Democratic U.S.Senator - a High-Risk Profession

Candidates should consider sticking to ground transportation until after Election Day


30 Oct 2002
Democratic U.S.Senator - a High-Risk Profession

My first thought upon hearing of Democratic U.S. Sen. from Minnesota Paul Wellstone's death in a private plane crash on 25 Oct 2002 was to wonder, "Was Wellstone in a tight race for reelection?" and "Was Wellstone beginning to lose ground?" A minute later, the radio answered the first question in the affirmative. Whether he was losing ground is more conjectural, but Wellstone's defeat of Coleman, his Republican challenger, was by no means assured.

Two years ago, Democrat Mel Carnahan died (in a plane crash) weeks before the election in which he was challenging incumbent Republican U.S. Senator from Missouri John Ashcroft. Ashcroft appeared to have been leading, but the Governor promised to appoint Mel's wife, Jean Carnahan, to replace the dead man if Mel won. The sympathy vote carried Jean to the Senate where she has been the perfect incompetent stooge for the Democrats ever since.

Three weeks ago, the morally bereft incumbent Democratic U.S. Senator from New Jersey, Robert Torricelli, bowed out of his reelection bid under pressure from the Democratic Party. Torricelli's ethics violations might well have forced him from the Senate even if he evaded prison. Ignoring statute, a New Jersey Court permitted the Democrats to substitute a possible winner, retired Sen. Frank Lautenberg, to replace obvious loser Torricelli on the ballot.

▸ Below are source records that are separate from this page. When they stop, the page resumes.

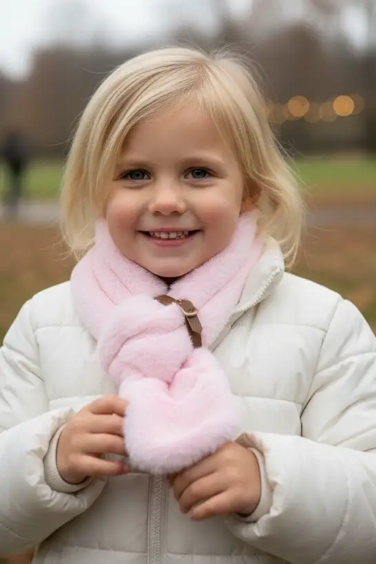 Krem Ve Gri Renk Çocuk Peluş Atkı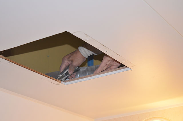 ①浴室換気乾燥機の開口寸法が既存より大きくなるため、開口を広げました。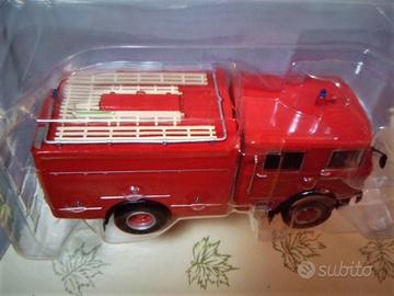 Modellino di camioncino dei pompieri nuovo e sigillato, allegato libretto e corredato di cartoncino pubblicitario di 50 x 35 centimetri.

This isn't tag wrestling. Substituting for a loser at the last minute is not only questionable democratics, it also raises practical questions of how to get rid of your losing candidate. Torricelli could probably sense the wind and quit before someone could arrange him a one-way plane trip to nowhere.

Republican candidates who are leading their opponents might also pay attention to the possibility that their unexpected demises might serve the Democrats just as well as the removals of trailing Democrats. Each should consider sticking to ground transportation until after Election Day. *

* This line of thought arguably says more about me than about the Democrats, but I didn't create my low opinion of the Democrats by myself; the Democrats provided it:

  • This is the party for which poverty is an enterprise.
  • This is the party of liars that refers to tax reduction as "giving money to the rich", claims that killing Bush's judicial nominees in committee is "Advice and Consent", and has accused Republicans of shutting down Social Security and taking away school lunches.
  • This is the party that, rather than lose any power, defended Bill Clinton, a president who took campaign contributions from the Army of the People's Republic of China and molested interns.
  • Recently, the Democrats have been caught forging absentee ballots on Indian reservations in South Dakota and filling out ballots for the insane in Milwaukee.
  • The Democrats routinely attack any regulation to curb voter fraud as "minority intimidation."
  • They attack almost any opposition to social spending as "racism."
  • For two years, the Democrats have been saying that they won the vote in Florida in 2000 and that George W. Bush is not actually President of the United States!